Satheesh Rajendran (2):
perf/bench/numa: Add functions to detect sparse numa nodes
perf/bench/numa: Handle discontiguous/sparse numa nodes

tools/perf/bench/numa.c | 52 ++++++++++++++++++++++++++++++++++++++++++-------
1 file changed, 45 insertions(+), 7 deletions(-)

--
2.7.4

2017-08-21 09:28:06

by Satheesh Rajendran

[permalink] [raw]

Subject: [PATCH v2 1/2] perf/bench/numa: Add functions to detect sparse numa nodes

From: Satheesh Rajendran <[email protected]>

Added functions 1) to get a count of all nodes that are exposed to
userspace. These nodes could be memoryless cpu nodes or cpuless memory
nodes, 2) to check given node is present and 3) to check given
node has cpus

This information can be used to handle sparse/discontiguous nodes.

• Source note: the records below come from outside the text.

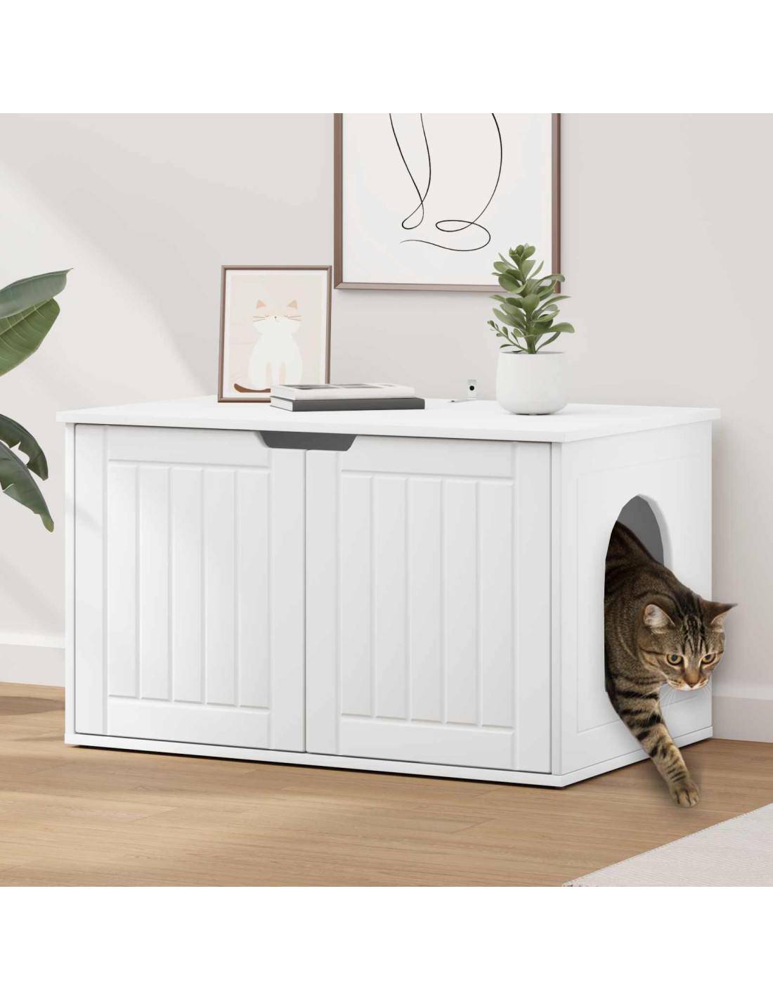 Questa casa per gatti è un'aggiunta super elegante per qualsiasi soggiorno. Semplice e funzionale, è una soluzione chic per chi ama l'estetica. La forma rettangolare ben si adatta anche agli angoli o contro le pareti, permettendo di sfruttare al meglio lo spazio. Le linee pulite e senza fronzoli la fanno diventare il rifugio perfetto per gli animali, che si inserisce senza sforzo negli spazi moderni. Non solo offre comfort al tuo gatto, ma valorizza anche la tua casa con un tocco di classe.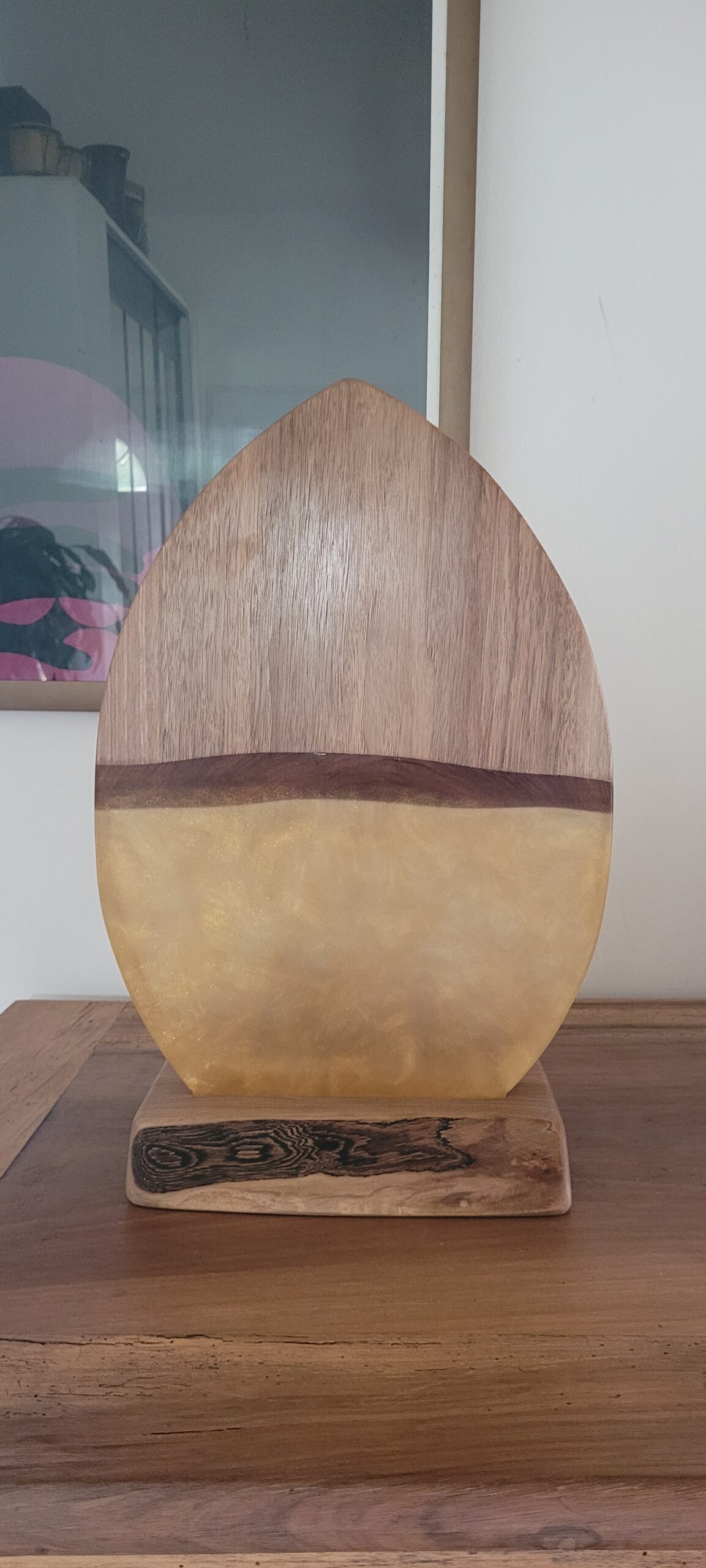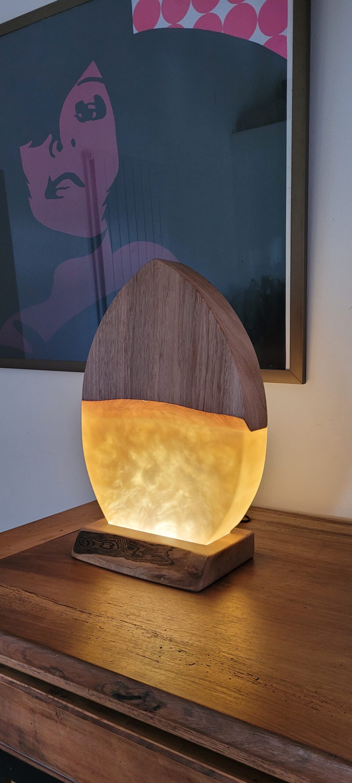 Offrez une touche d’élégance et de modernité à votre intérieur avec cette lampe d’ambiance design N°62 en noyer et résine époxy or, alliant savoir-faire artisanal et technologie LED. Parfaite pour créer une ambiance chaleureuse et raffinée, cette pièce unique sublimera votre salon, chambre ou bureau.
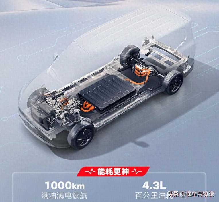 2.  "高能效表现:" 百公里油耗4.3升是一个非常低的水平,即使对于增程系统来说也相当出色。这表明该增程系统在能量转换效率、辅助动力系统优化等方面有不错的表现,有助于降低使用成本,并提升产品的市场竞争力。
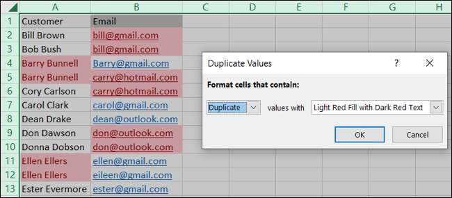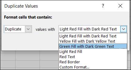 Όταν εμφανίζεται το παράθυρο διπλής τιμών, θα πρέπει να βλέπετε αμέσως τα αντίγραφα σας που έχουν επισημανθεί με την προεπιλεγμένη μορφή μορφοποίησης. Ωστόσο, μπορείτε να το αλλάξετε αν θέλετε.

Reviewed-by: Arnaldo Carvalho de Melo <[email protected]>
Reviewed-by: Srikar Dronamraju <[email protected]>
Signed-off-by: Satheesh Rajendran <[email protected]>
Signed-off-by: Balamuruhan S <[email protected]>
---
tools/perf/bench/numa.c | 35 +++++++++++++++++++++++++++++++++++
1 file changed, 35 insertions(+)

diff --git a/tools/perf/bench/numa.c b/tools/perf/bench/numa.c
index 469d65b..300faba1 100644
--- a/tools/perf/bench/numa.c
+++ b/tools/perf/bench/numa.c
@@ -215,6 +215,41 @@ static const char * const numa_usage[] = {
NULL
};

+// To get number of numa nodes present.
+static int nr_numa_nodes(void)
+{
+ int i, nr_nodes = 0;
+
+ for (i = 0; i < g->p.nr_nodes; i++) {
+ if (numa_bitmask_isbitset(numa_nodes_ptr, i))
+ nr_nodes++;
+ }
+ return nr_nodes;
+}
+
+// To check if given numa node is present.
+static int is_node_present(int node)
+{
+ return numa_bitmask_isbitset(numa_nodes_ptr, node);
+}
+
+// To check given numa node has cpus.
+static bool node_has_cpus(int node)
+{
+ struct bitmask *cpu = numa_allocate_cpumask();
+ unsigned int i;
+
+ if (cpu == NULL)
+ return false; // lets fall back to nocpus safely
+ if (numa_node_to_cpus(node, cpu) == 0) {
+ for (i = 0; i < cpu->size; i++) {
+ if (numa_bitmask_isbitset(cpu, i))
+ return true;
+ }
+ }
+ return false;
+}
+
static cpu_set_t bind_to_cpu(int target_cpu)
{
cpu_set_t orig_mask, mask;
--
2.7.4

2017-08-21 09:28:36

by Satheesh Rajendran

[permalink] [raw]

Subject: [PATCH v2 2/2] perf/bench/numa: Handle discontiguous/sparse numa nodes

From: Satheesh Rajendran <[email protected]>

Certain systems are designed to have sparse/discontiguous nodes.
On such systems, perf bench numa hangs, shows wrong number of nodes
and shows values for non-existent nodes. Handle this by only
taking nodes that are exposed by kernel to userspace.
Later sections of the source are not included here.